• What needs to be done: Retype every line from the start of the entries below down to the line with "Остывшие кальмарчики режем", both ends included; skip the pictures.

====

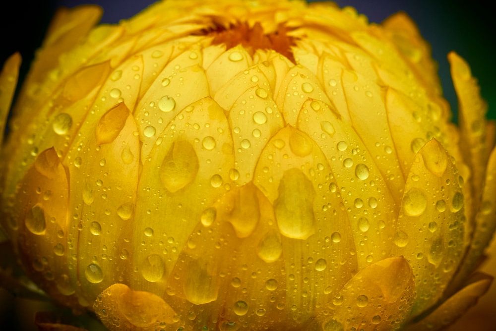 Strobloem in de knop net na een felle regenbui waarbij de strobloemen als vanzelf helemaal dichtgaan om de zaadjes te beschermen tegen de regen en het te vroege uitwaaien of met insecten mee te liften.
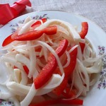 Остывшие кальмарчики режем соломкой очень тонко.
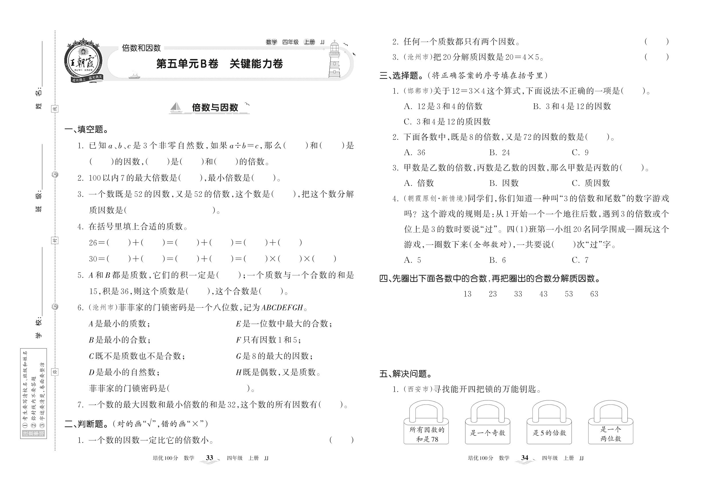 2022上册四年级数学冀教版 第五单元B卷 关键能力卷
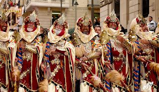 La pluja intermitent no va deslluir l'esquadra d'enmig de la filà Marrakesch, ni molt menys l'Entrada Mora. Juan Climent va reinterpretar el trage oficial de la filà Marrakesch i el resultat va ser una esquadra de negres molt distingida. El caràcter marroquí dels esquadrers es devia al maquillatge marró i a un ric turbant amb metalls daurats i teles en tons crema i granate. Els colors de la filà com el granate i el blanc conformaven una elegant túnica que acabava en color negre. Una de les mànegues estava coberta per un escut daurat i pells d'animal. Entre els nombrosos adorns de metall destacaven les xapetes daurades amb les que es cobrien el pit. Les ratlles de la faixa tricolor es podien apreciar per davant i sobretot en la capa amb els colors blau, groc i roig. Símbols de l'Islam com la mitja lluna i l'estrela de cinc puntes es repetien en varies parts de l'esquadra d'enmig mora 2016. L'arma feia que l'esquadra de negres fora guerrera i senyorial al mateix temps i per a remarcar la procedència dels esquadrers la marxa mora elegida va ser "Soc Marrakesch". En la Plaça Espanya es va fer realitat el somni de moltes dones: La primera esquadra de blancs composada per dones en una Entrada Mora. Van ser les mateixes festeres pioneres de la filà Marrakesch que en 2015 havien arrancat la Diana. Si pel matí la filà Vascos treia la primera esquadra de dones a l'Entrada Cristiana, per la vesprada eren la filà Marrakesch els que van desfilar amb una esquadra femenina al ritme de la marxa mora "Xavier el coixo". Aquest moment històric no va eclipsar l'esquadra d'enmig mora que tenia la mateixa filà. La penúltima filà de l'Entrada Mora 2016 estava de celebració. La filà Verds complia 150 anys desde la seua refundació en 1866 i van fer gala de l'aniversari amb una esquadra commemorativa que recordava la senzillesa dels dissenys turcs del segle XIX. De fet l'esquadra de la filà Verds portava el trage primitiu, que tenia un turbant amb una ploma blanca acabada en color verd. El disseny era un poc obsolet ja que les filaes actuals solen portar capa i no manta blanca. Tant els bombatxos com el xaleco eren d'un verd fosc, mentre que la faixa era groga i la camisa roja, amb unes mànegues plenes de brodats. La filà Verds, coneguda pel seu classicisme, va triar una antiga marxa mora de Camilo Pérez Monllor per a la desfilada: "Moros y cristianos" que va fer més emotiva la celebració degut a la gran bellesa de la peça musical.
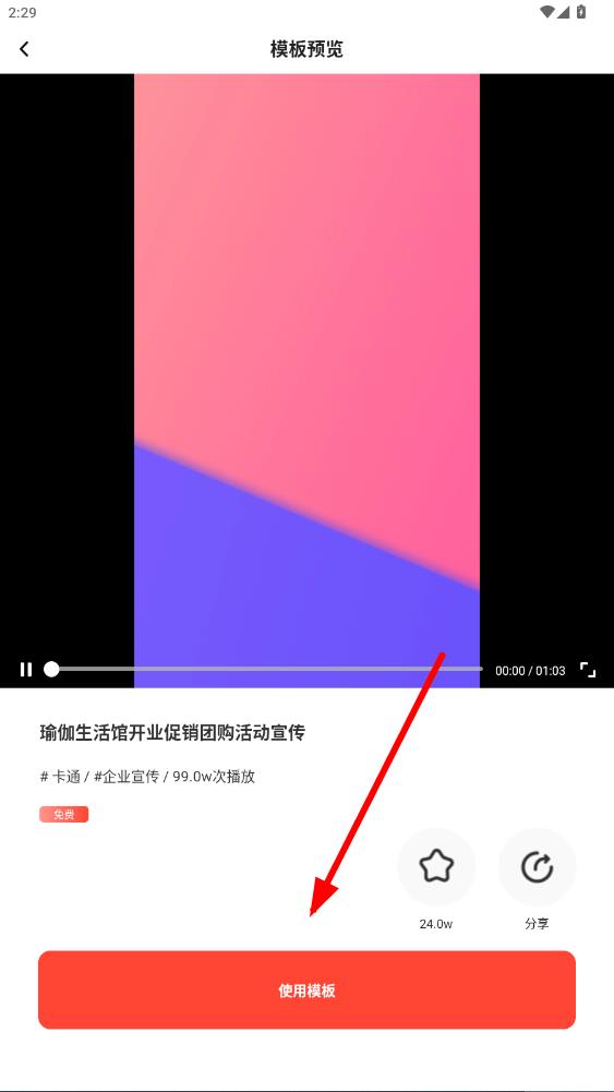 4、在模板預覽頁面,確認模板符合需求后,點擊下方使用模板按鈕,即可基于該模板開始創(chuàng)作。

====

• Written solution:
 Strobloem in de knop net na een felle regenbui waarbij de strobloemen als vanzelf helemaal dichtgaan om de zaadjes te beschermen tegen de regen en het te vroege uitwaaien of met insecten mee te liften.
 Остывшие кальмарчики режем соломкой очень тонко.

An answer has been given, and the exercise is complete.